Название: Star Corps
Автор: Ian Douglas
Издательство: HarperCollins
Жанр: Книги о войне
isbn: 9780007483723
isbn:
“Sir—” he began, wondering how to explain.
“I think you’re a goddamn Aztie secessionist, maggot, trying to hide your Latino name.”
The sheer unfairness of the charge surged up in his throat and mind like an unfolding blossom. “Sir—”
“I think you’re trying to be something you’re not. I think you’re an Aztie trying to infiltrate my Corps—”
“That’s not true!”
“Hit the deck, maggot!” Sewicki exploded. “Fifty push-ups!”
“Sir! Aye aye, sir!”
Face burning, John dropped to hands and toes and began chugging off the repetitions. As Sewicki pounced on another victim farther down the line, the other sergeant loomed over him, counting him down. His Marine career, he decided, was off to a very rocky start. It wasn’t that he thought the Garroway name would buy him any favors, exactly, but he sure hadn’t figured on it buying him any trouble.
He’d only reached fifteen, arms trembling, when Sergeant Heller swatted him on the back of his head and barked, “On your feet, recruit!” Sewicki was leading the rest of the group off to a building behind the paved area at a dead run, and he had to scramble to catch up, jogging through the humid night.
By now he was beginning to wonder if he would ever catch up.
The building was a featureless gray cinder-block structure, unadorned and almost unfurnished, save for a desk with a nano labeler operated by a bored-looking civilian. As the recruits filed in, the civilian touched each on the back of the left hand with the wand. Within seconds the numeral 1099 began gleaming from each recruit’s hand in self-luminous neon-orange light.
“That,” Sewicki told them, “is the number of your recruit training company, Company 1099. It is your address. It is who you are and where you are in the training schedule. You will be required to memorize it!”
Next, they filed past a large, plastic bin beneath the hawk-sharp gaze of Heller and Sewicki, dropping into it everything the two sergeants considered to be “contraband.” Most of what they collected were handheld electronics and microcircuit jewelry, hummers, sensory stims, and the like.

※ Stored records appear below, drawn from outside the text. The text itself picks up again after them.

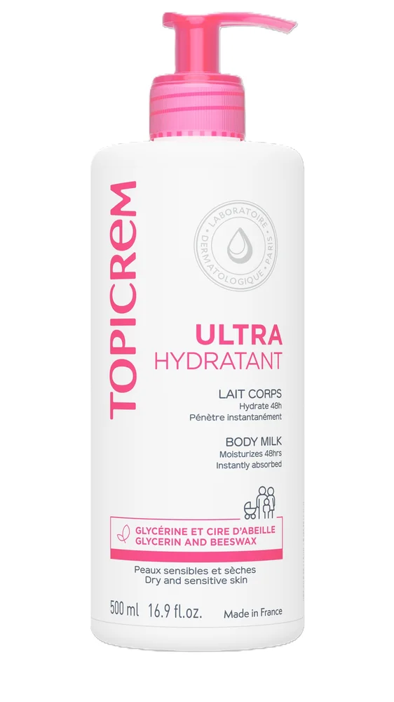 Topicrem, Ultra-Moisturizing Body Milk to produkt kosmetyczny, który nawilża i regeneruje skórę. Formuła mleczka jest przeznaczona do pielęgnacji suchej i wrażliwej skóry. Zawiera składniki, które pomagają utrzymać odpowiedni poziom nawilżenia oraz zapewniają gładkość. Produkt jest odpowiedni dla dorosłych oraz dzieci. Aplikować na skórę w miarę potrzeb.Składniki/Ingredients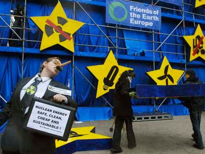 Unos manifestantes despliegan una pancarta en favor de las energías verdes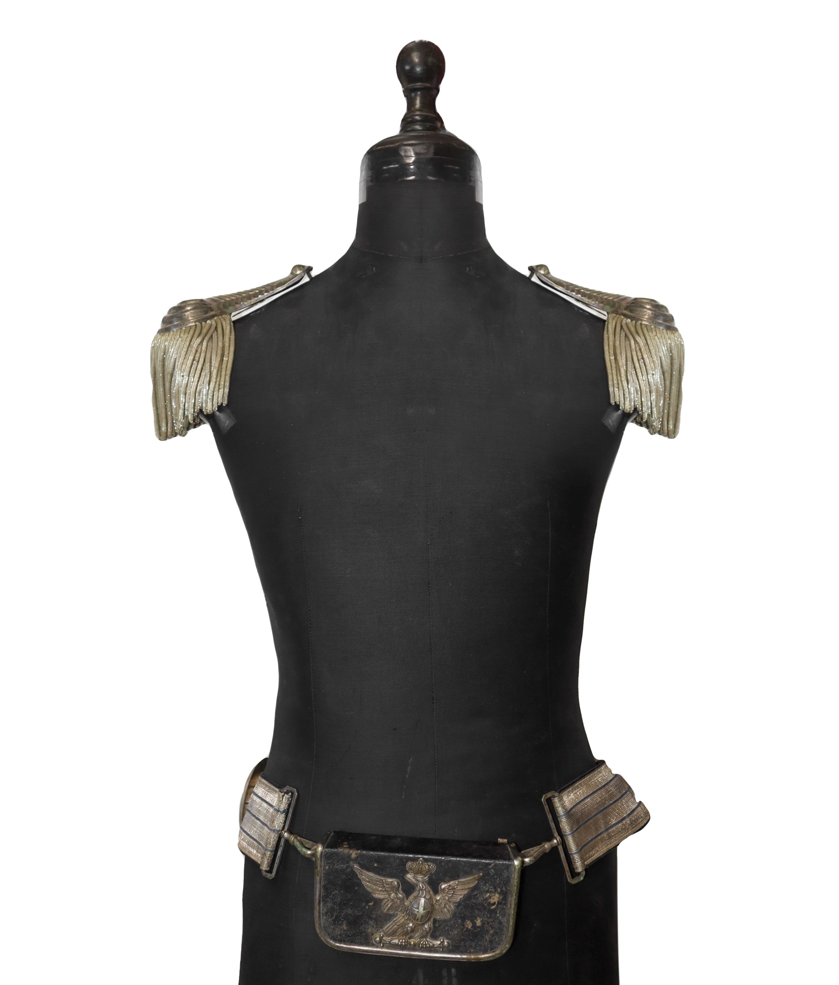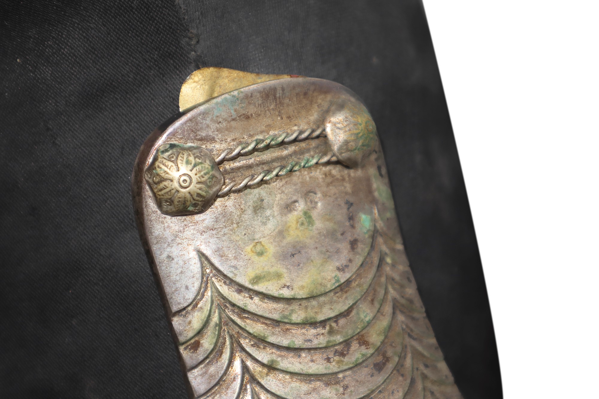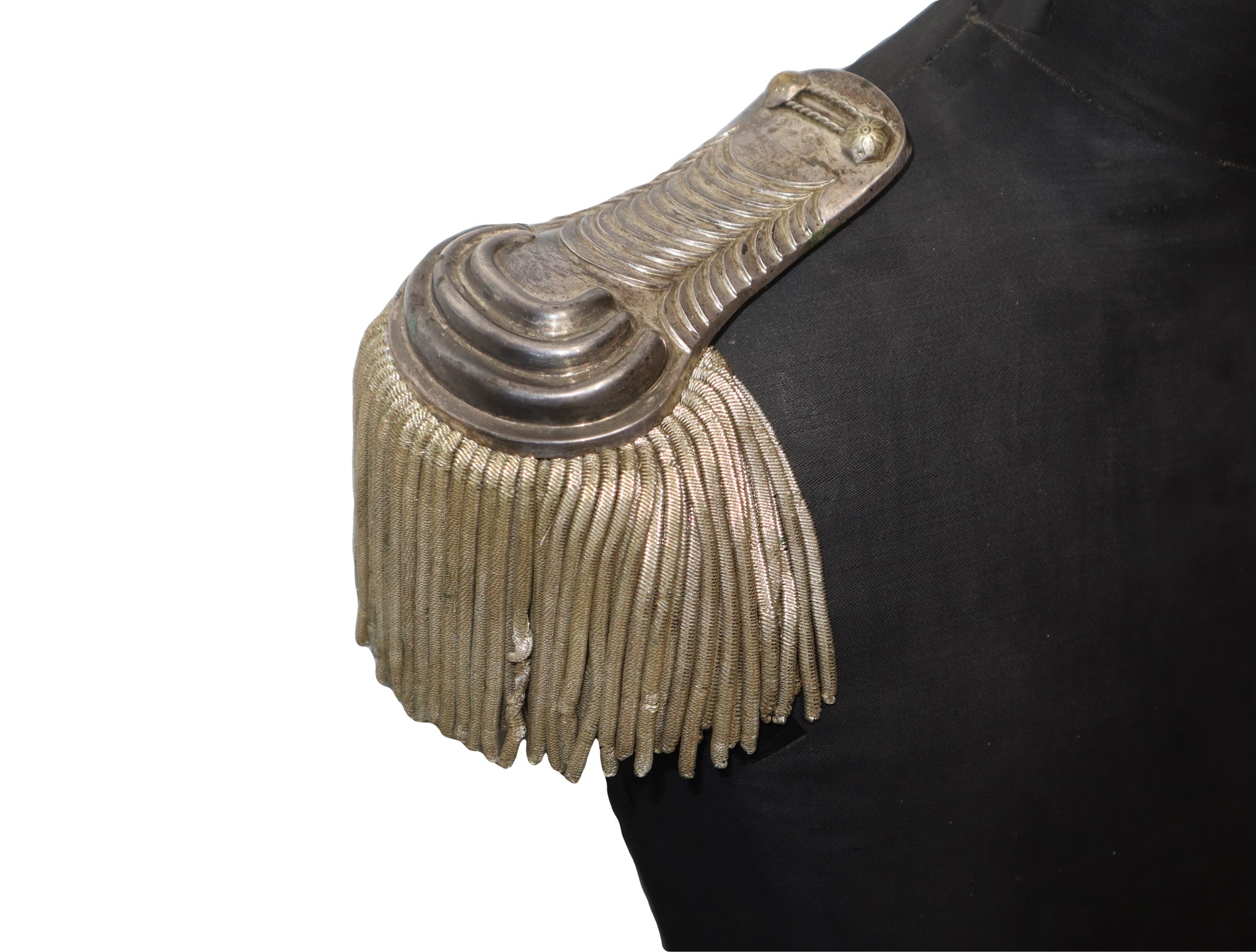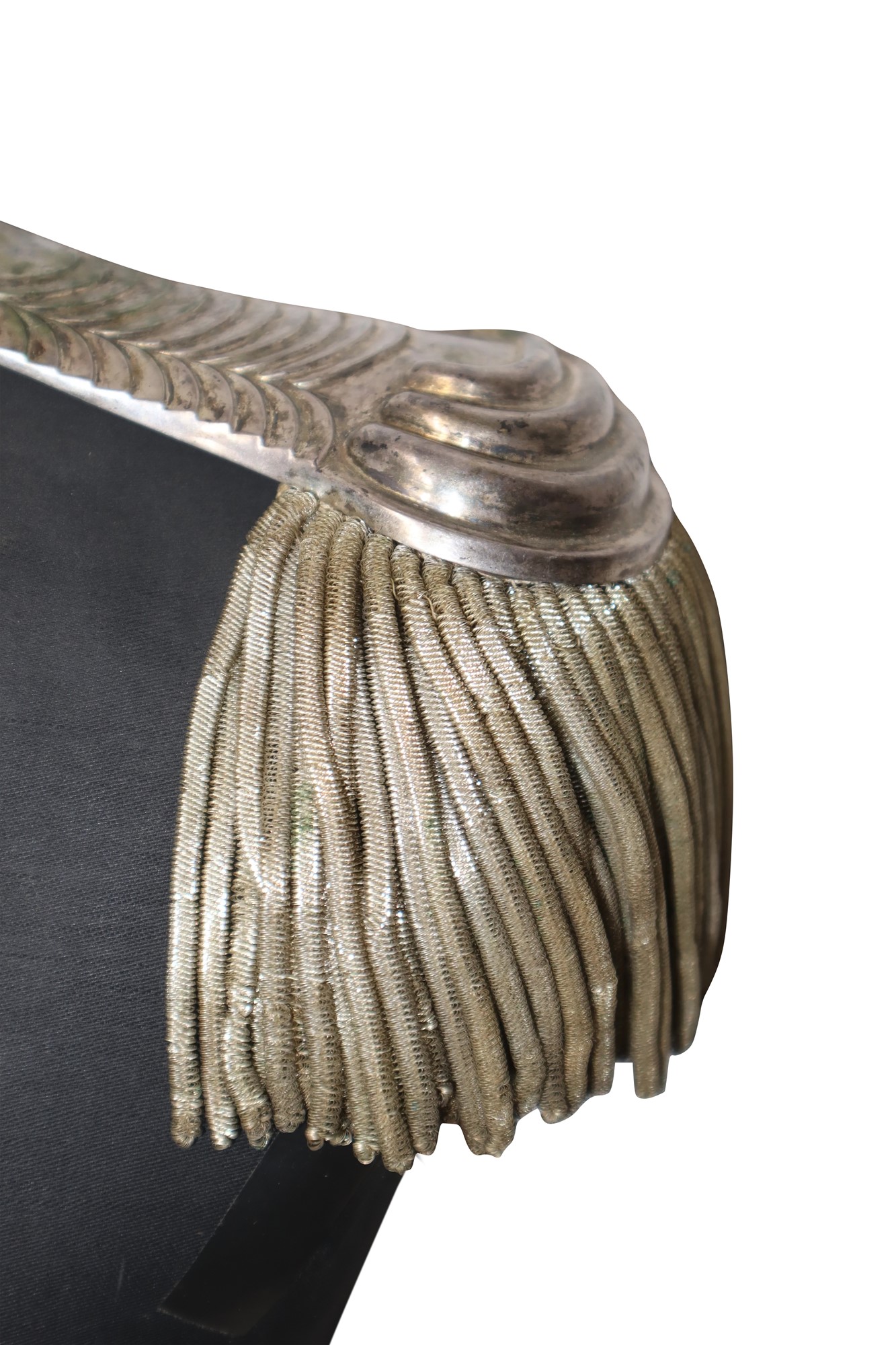 Coppia di spalline argentate con giberna da ufficiale Presente leggera scucitura su una frangia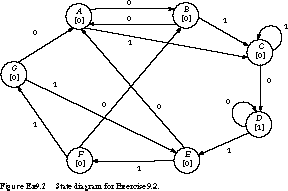 1. (State Reduction) Use the implication chart method to reduce the 4-bit string recognizer state diagram of Figure 9.2. (State Reduction) Given the state diagram in Figure Ex9.2, obtain an equivalent reduced state diagram containing a minimum number of states.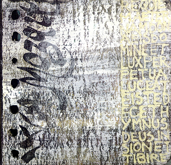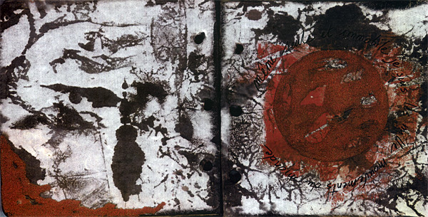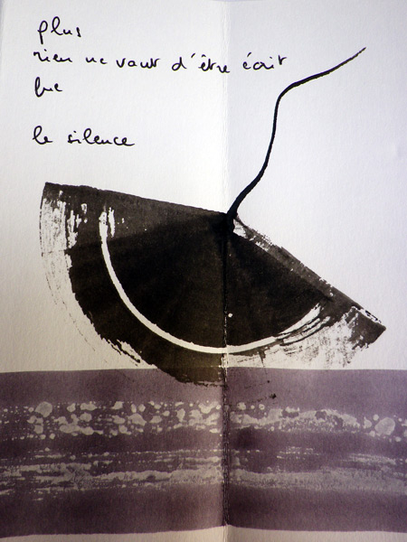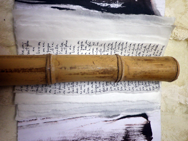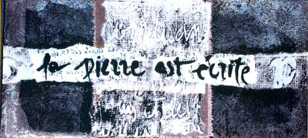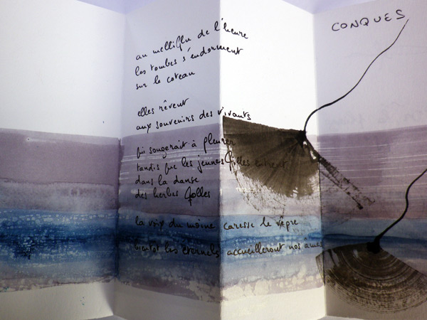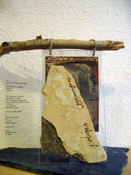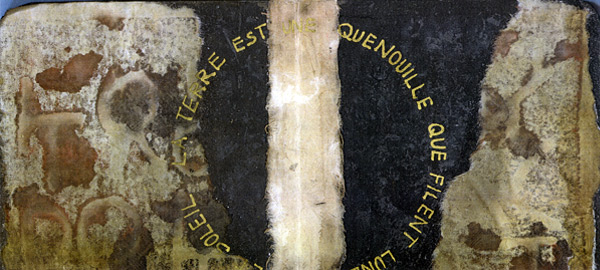 L’écriture est spéculaire, les mots à peine lisibles. Les poèmes en filigrane ou cachés à l’envers de l’oeuvre ne livrent leur message qu’à travers une savante mise en scène.

A few of the more expensive units were sealed in plastic with the recruit’s name, to be returned to him after he left boot camp. Most, though, went into the bin, along with a growing pile of gum, candy, pornoholo cards, prophylactic pills, analgesics, wakers, sleepers, memmers, magazine sheets, and disposable personal comms. One recruit, a bulky, heavy-set guy who claimed to be from Texas, surrendered a bowie knife he had strapped to his leg, claiming with a broad, easy drawl that he was an experienced knife fighter and that he’d heard Marines could choose their own personal blades.
Sewicki held out a hand. “Hand it over, recruit,” he said with a dark and surprising gentleness, “or I will take it from you, and I might accidentally break an arm doing it.” The recruit looked like he was going to argue but then appeared to think better of it, much to John’s relief. He knew that one troublemaker could make it hell for the entire company, and he didn’t like the idea of his comfort depending on what some hypertestosteroned commando wannabe with more bravado than brains thought was a cool idea.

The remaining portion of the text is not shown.